The jetsetters left the French airport four hours later after arguing with authorities. Nine of the holidaymakers returned to London by the private jet, while the tenth went back to Germany.

A Croatian national working in banking and property who organised the trip had arranged three helicopters to pick them up directly from the airport and take them to a holiday villa on the French Riviera, a police source told the BFM news outlet.

The source said police guarding the borders of Marseille-Provence Airport asked the private jet not to come and land on its tarmac, but the plane still landed anyway.

“Controlled by the border police and the gendarmerie of air transport, none had valid reasons for travelling,” the source added.

“Crossing borders is only allowed with a legitimate or compelling reason.”

As well as the Croatian man, the source said, the 10 tourists were German, French, Romanian and Ukrainian. The source said “the young women were apparently escort girls”.

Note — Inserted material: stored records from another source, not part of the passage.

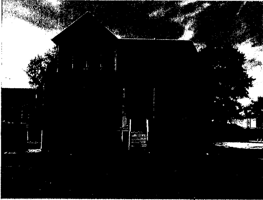
REAR VIEW – (TAKEN 10/21/15)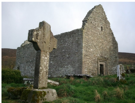
Aghowle church, 12th century

forever, but the angel appeared to him again and commanded him to go further.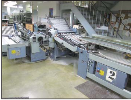
STAHL VSA3/86M FOLDER WITH RIGHT ANGLES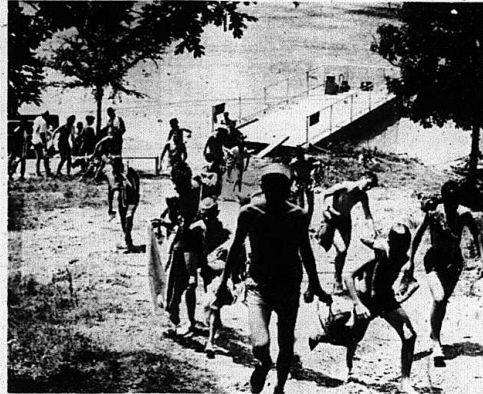
RECREATION is a more traditional part of a young boy's life at the Trooper Island camp. This group has just returned from an exploratory tour of Dale Hollow Reservoir on the 40-foot floatboat in the background. Other activities include swimming, hiking and badminton. All activities are supervised by State Policemen, serving as camp counselors. Currently limited to 35 boys a week, the camp will eventually accommodate 120 boys at a time.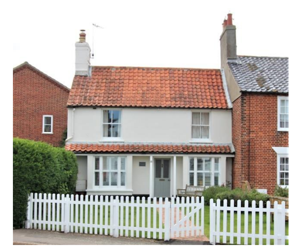
No.19 Barnaby Green

No.19 Barnaby Green (Positive unlisted building) A rendered brick cottage of possibly early to midnineteenth century date with a red pan tile roof. Central, partially glazed and panelled front door, flanked by bay windows with mullions dividing the sashes which are capped by a continuous pan tile roof forming a porch. Four light plate-glass sash windows above. No.19 Barnaby Green suffered considerable blast damage on the 12th of May 1941, a cottage which was attached to its southern return elevation being destroyed. Jenkins, A Barrett Reminiscences of Southwold During Two World Wars (Southwold, 1984) p55-56.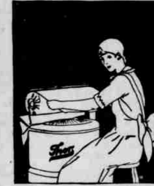
Six down as you iron. Pressure is automatic. No bearing down to snap strength and tire your wrists.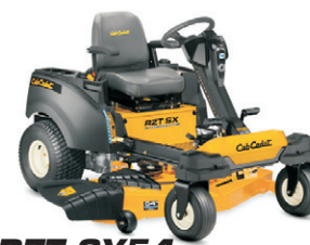
RZT SX54 ZERO-TURN RIDER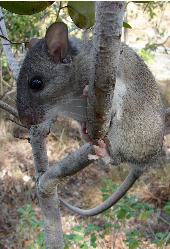
Key Largo Woodrat

Here on Key Largo, outdoor cats are a major factor in the severe population decline of the endangered Key Largo woodrat and the endangered Key Largo cotton mouse. These endangered species play a critical ecological role in the function of tropical hardwood hammocks as they disperse seeds and serve as a food source for threatened species, such as the eastern indigo snake.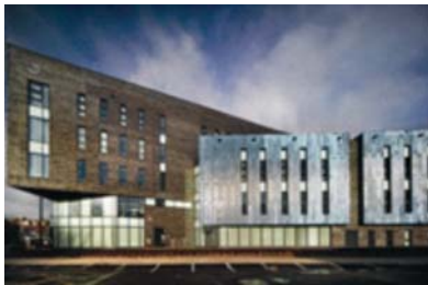
University Centre at Blackburn College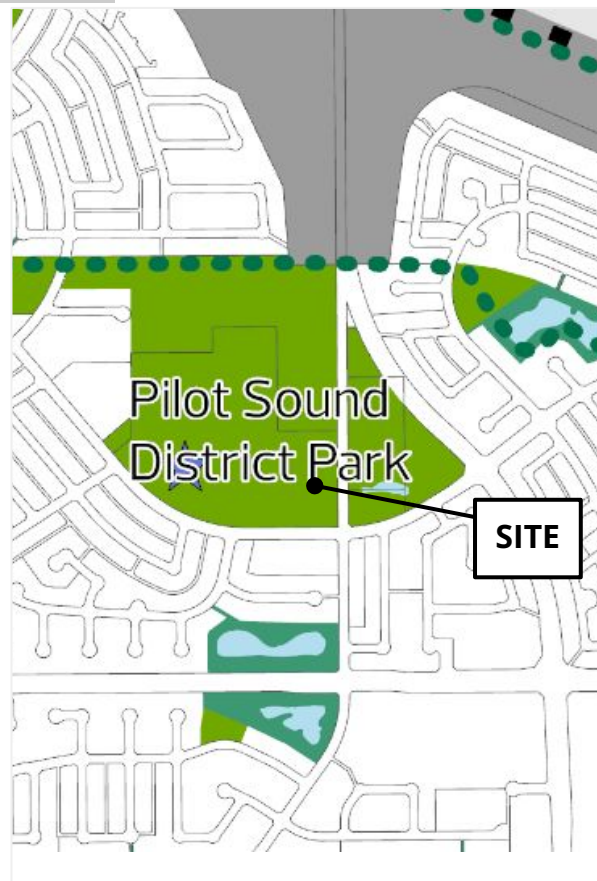
Northeast District Plan Map 5: Open Space & Natural Areas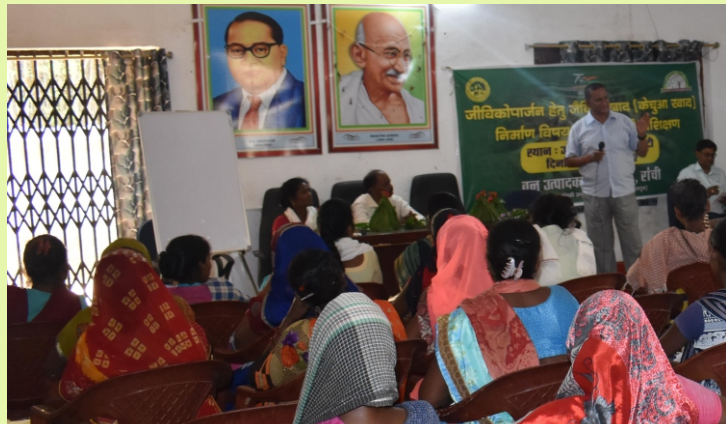
IFP, Ranchi organised a seminar/training programme on Production of Organic Manure for Livelihood Generation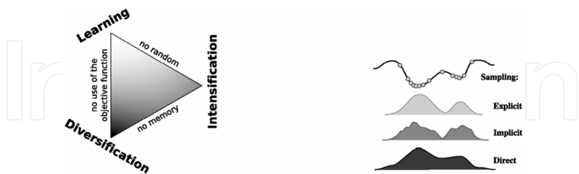
Figure 1. The three classes of metaheuristics proposed in adaptive learning search are defined according to the sampling of the objective function. They combine themselves with the three archetypal components, that form the set of possible behaviours

Metaheuristics form a wide class of methods, among which the more interesting are often stochastic algorithms manipulating a sample of points (also called a "population" of "individuals"). In this section, we will briefly introduce some of the best known metaheuristics, from the simulated annealing (which does not use swarm intelligence) to ant colony algorithms (a method well known for using swarm intelligence). Each metaheuristic is here described along with its position regarding adaptive learning search and swarm intelligence.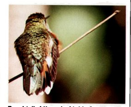
Broad-tailed Hummingbird in Seward County, Nebraska, October 1990. For most birds this would not be considered an optimum view, but it's perfect for the Selasphorus group of hummingbirds, since the important details are in the tail.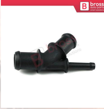
BHC654 Engine Coolant Tee Distributor Hose Connector Water Flange Connection 1J0121087D for VW Audi Seat Skoda

The Brazilian-made private jet they flew in, the Embraer Legacy 600, costs around £5 million (Dh 22.9m).

None of the people on the plane have yet been identified by police.

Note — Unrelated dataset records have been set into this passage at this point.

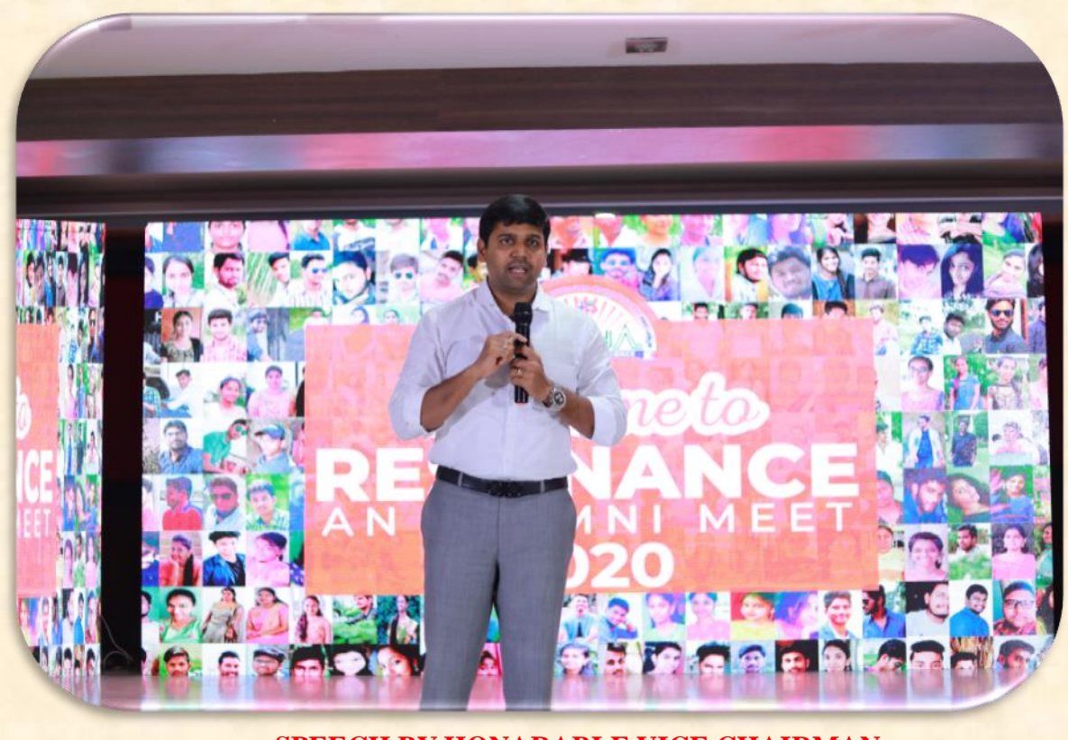
SPEECH BY HONARABLE VICE CHAIRMAN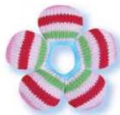
Multi-color flower FL6"AQ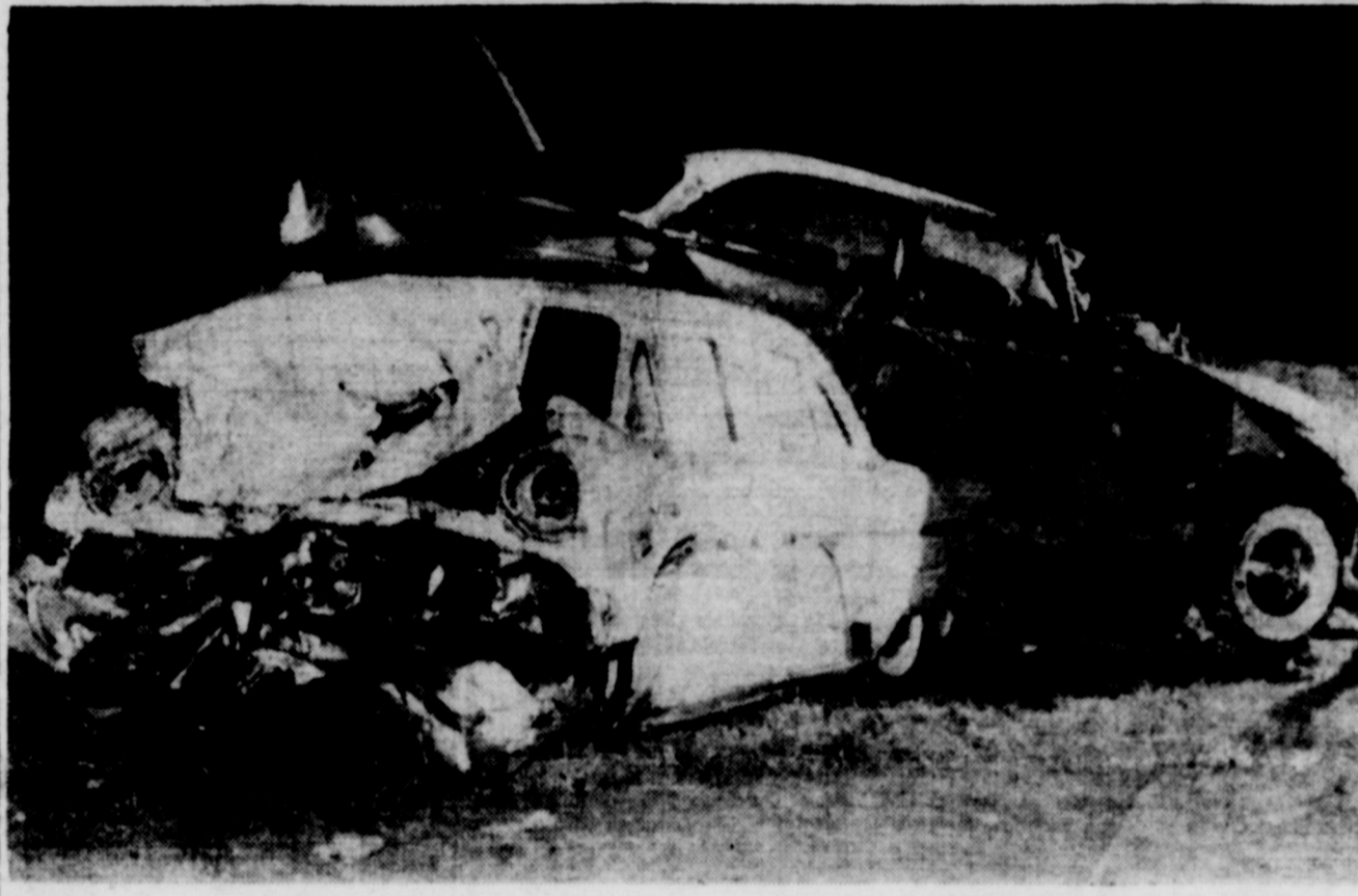
TRAGEDY SCENES — Photos show the autos involved in a head-on collision just north of town on Farm Road 880 here last Thursday night in which two girls lost their lives and seven other youths were injured. The cars came to rest one on top of another on the west side of the road about 100 yards north of Bryant Airfield office.

The holidaymakers made the flight despite Europe’s airspace being mainly empty, due to restrictions imposed to tackle the spread of the coronavirus. Authorities say they do not want private jets to flout the restrictions.

This includes in France, where to enter, people need an international travel certificate that they can be asked to present by border authorities upon entering the country. Although French nationals can return to the country, the rules for foreigners are currently far stricter.